Below are the records; return every line from the one that contains "Bilingual Calendar, 12" to the last, exactly, skipping the pictures.

[Stored data]
▽

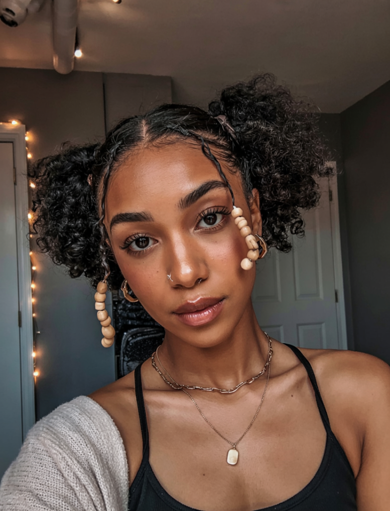 Whimsical, fun, and full of character — this double puff style brings out a youthful glow no matter your age. The beads on the tendrils add a charming, playful vibe, and the middle part gives structure and symmetry to the look. It’s giving 90s nostalgia with 2025 flair.
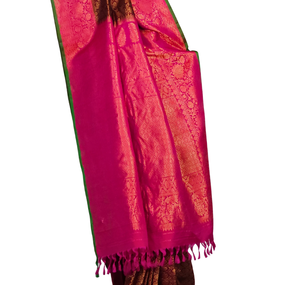 Chocolate Brown Gadwal Silk Saree
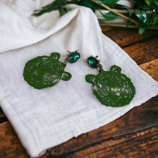Roar-some Green Tiger Earrings – Unleash Your Wild Style!"
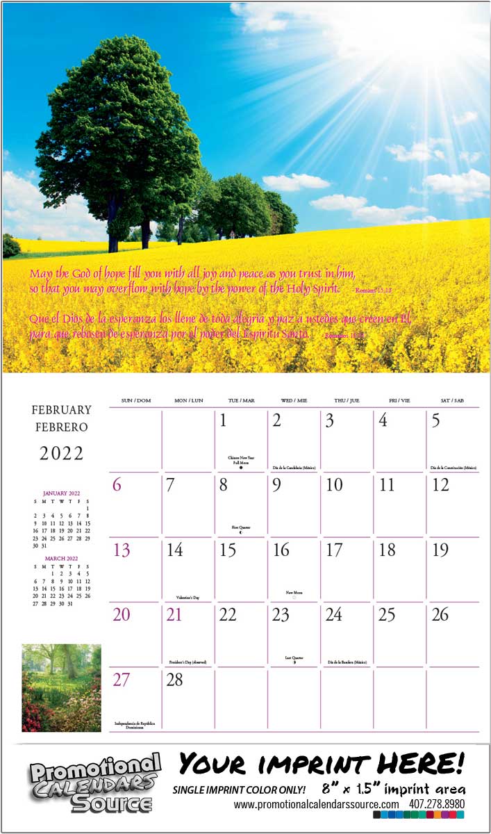 Bilingual Calendar, 12 Month Scenic Calendar, Free Setup,One Color Imprint
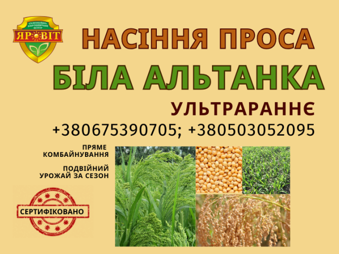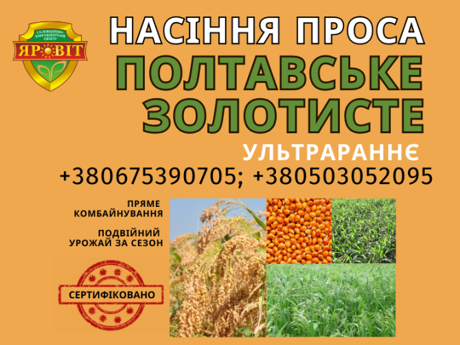 Продаю просо біле (Panicum miliaceum) - 500 тонн. Виробник сільськогосподарської продукції. Продукція не підлягала обробці пестицидами, зокрема гліфосатами. Забезпечую будь-яку форму оплати; безготівковий розрахунок з ПДВ, доларовий контракт (тільки на умовах FCA). Можлива співпраця з нерезидентами....

△

> Finished task
 Bilingual Calendar, 12 Month Scenic Calendar, Free Setup,One Color Imprint
 Продаю просо біле (Panicum miliaceum) - 500 тонн. Виробник сільськогосподарської продукції. Продукція не підлягала обробці пестицидами, зокрема гліфосатами. Забезпечую будь-яку форму оплати; безготівковий розрахунок з ПДВ, доларовий контракт (тільки на умовах FCA). Можлива співпраця з нерезидентами....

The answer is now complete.